John Woodger was a biologist who suggested in the mid-twentieth century that isolation as a criterion for speciation posed a paradox. Specifically, he claimed that, at the point during the speciation process at which divergence happens, a mother would have to be placed in species X, while her daughters would be in species Y. And the nature of species is such that a parent belonging to species X cannot give rise to offspring belonging to species Y. But there is, of course, a huge problem with Woodger’s paradox. It makes two assumptions, each of which is fine in and of itself, but which in combination are lethal. The first assumption is that an individual cannot belong to two species; and the second is that the placement of an individual into a specific species is immutable with time. This led Woodger to view speciation—the emergence of new species that is an essential component in the diversification of life—as the drawing of a line between two successive generations and the result of some radical biological event. This leads to a view of speciation as a virtually instantaneous phenomenon, and one that is immutable with respect to time. Yet whatever it may consist of in any specific instance, speciation—a woefully poorly understood process or set of processes—clearly does not work like this. Time is an essential ingredient in speciation, and the emergence of reproductive incompatibility between two physically separated but nonetheless closely related populations can take quite a while—as evidenced, for example, by that putative hybridization between Neanderthals and modern humans. Accordingly, Woodger’s basic assumptions about speciation were not optimal. His problem was that he attempted to understand speciation from one single perspective: that of population genetics. But when you hit that line of death, population genetics no longer works, and Woodger’s conclusion is hugely problematic.

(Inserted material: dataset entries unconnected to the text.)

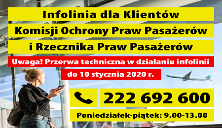 Informujemy, że do 10 stycznia 2020 roku infolinia Komisji Ochrony Praw Pasażerów oraz Rzecznika Praw Pasażerów będzie nieczynna w związku z przerwą techniczną.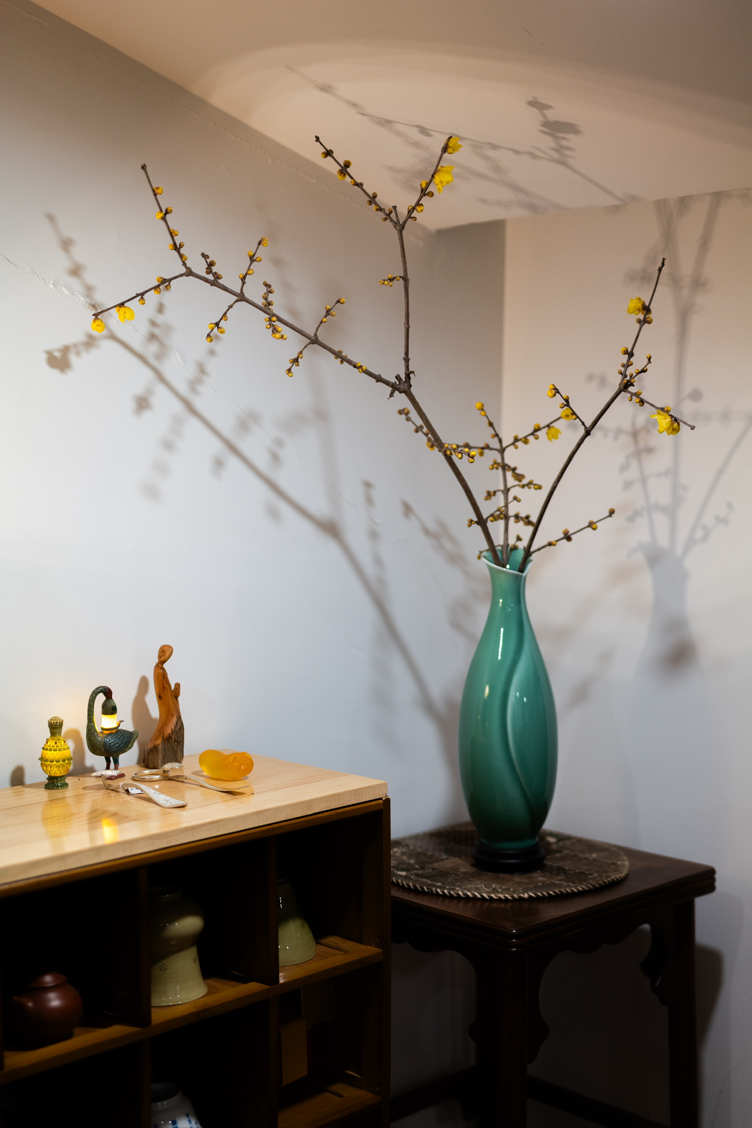 寒枝斜影落堂隅,一缕幽香破寂无。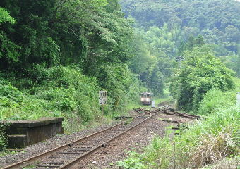 それにしても とんでもないところにある駅だ。 県道から急坂を数km登った突き当たりにその駅はあった。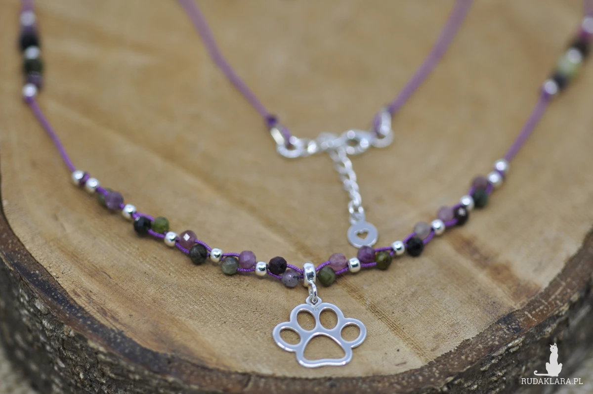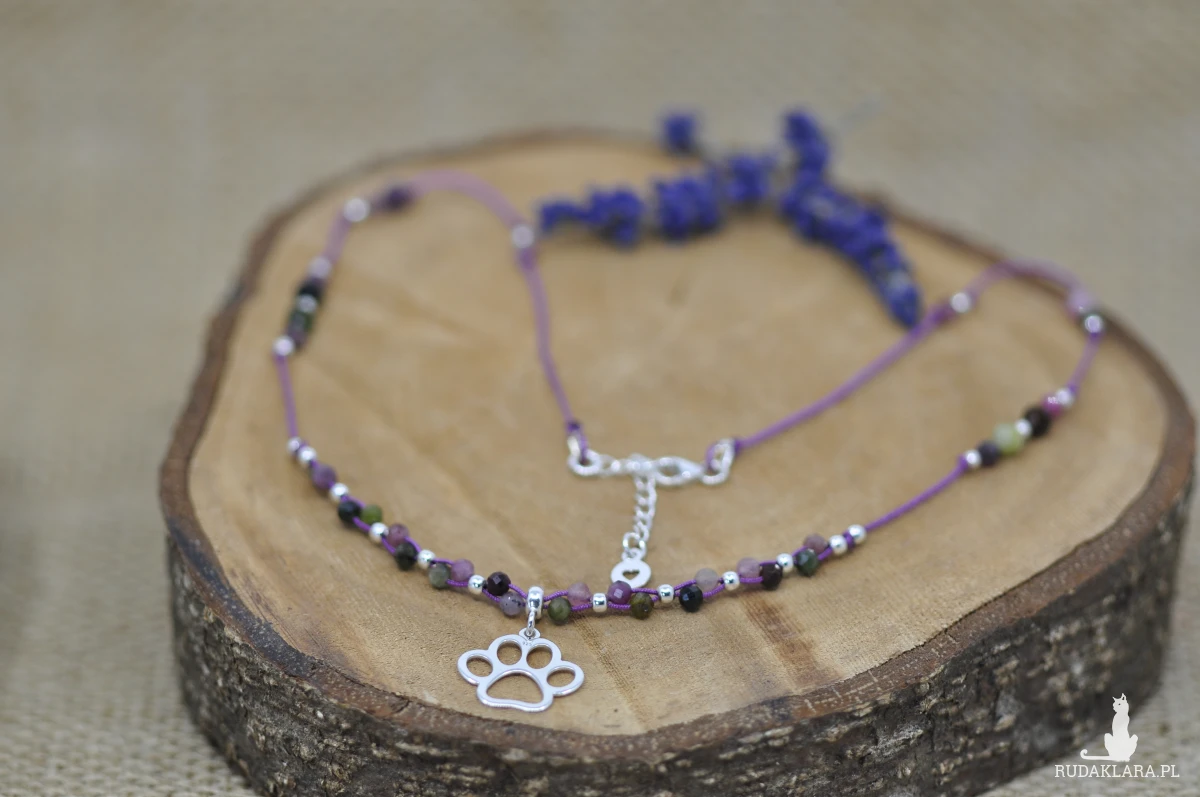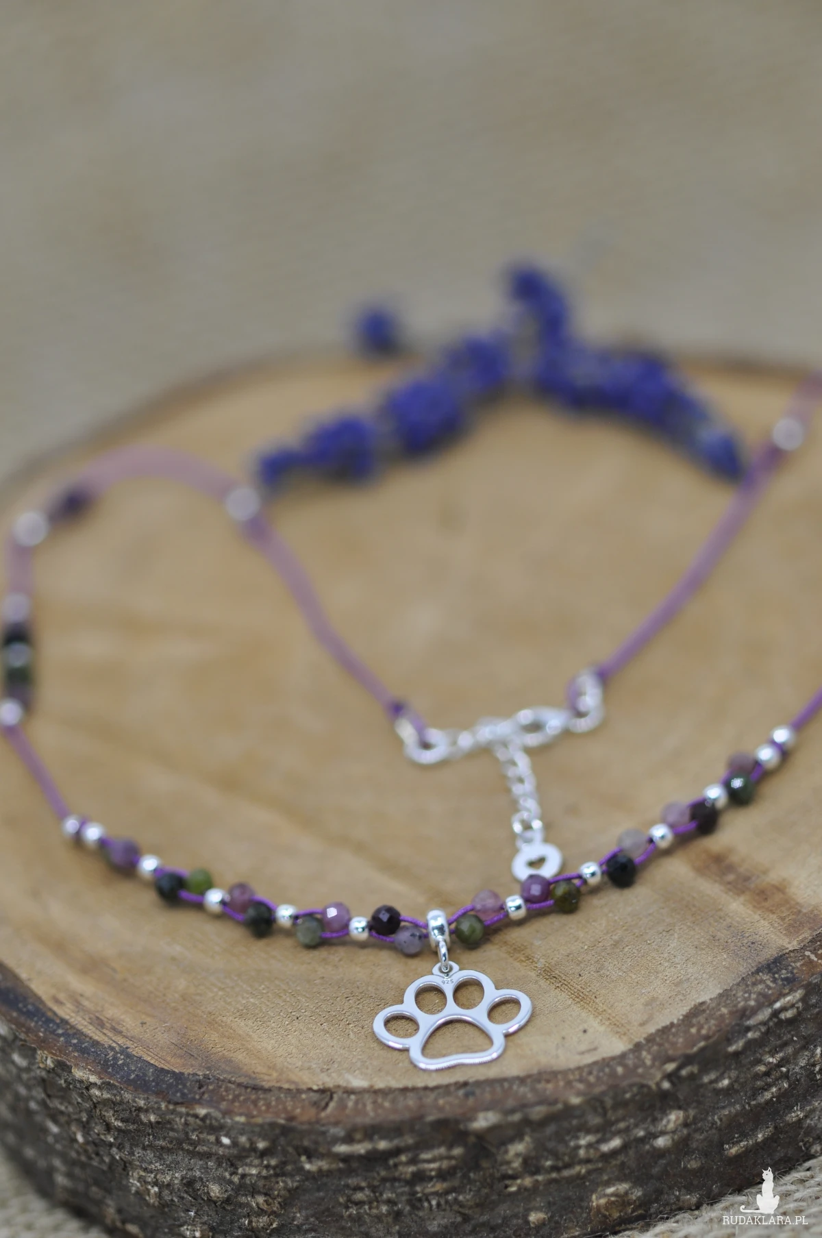 Naszyjnik w którym bazą jest sznurek nylonowy w kolorze fioletu, elementy srebrne wykonane są ze srebra próby 925,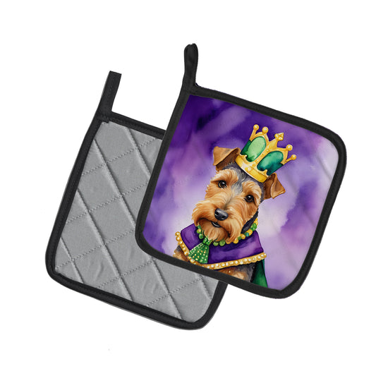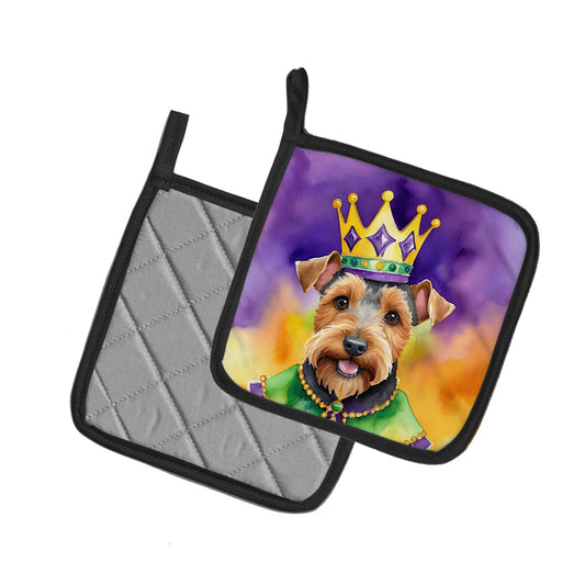 Welsh Terrier King of Mardi Gras Pair of Pot Holders
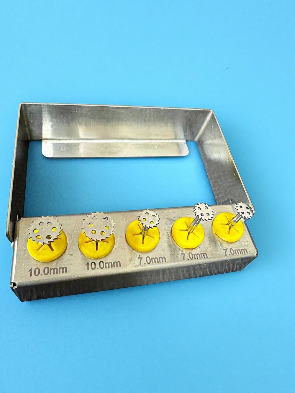 Набор включает инструменты разных диаметров (10.0 мм и 7.0 мм ), что позволяет выбрать подходящий размер для конкретной процедуры

If we accept the argument about interbreeding populations, then we should eliminate trees as a valid way of representing reticulating individuals within a population. So although this does not necessarily mean that trees won’t be useful at this level for other endeavors, we have to reject trees in the context of trying to understand human races. Unfortunately, however, even when researchers recognize this important limitation of trees in principle, they often continue to use them anyway. Why is this? The statistician J. C. Gower had a good answer in 1972: ‘‘the human mind distinguishes between different groups because there are correlated characters within the postulated groups’’. The underlying correlation of data that Gower mentions, and that so much beguiles us, brings us to clustering methodologies and to how researchers have used this approach to address biological race.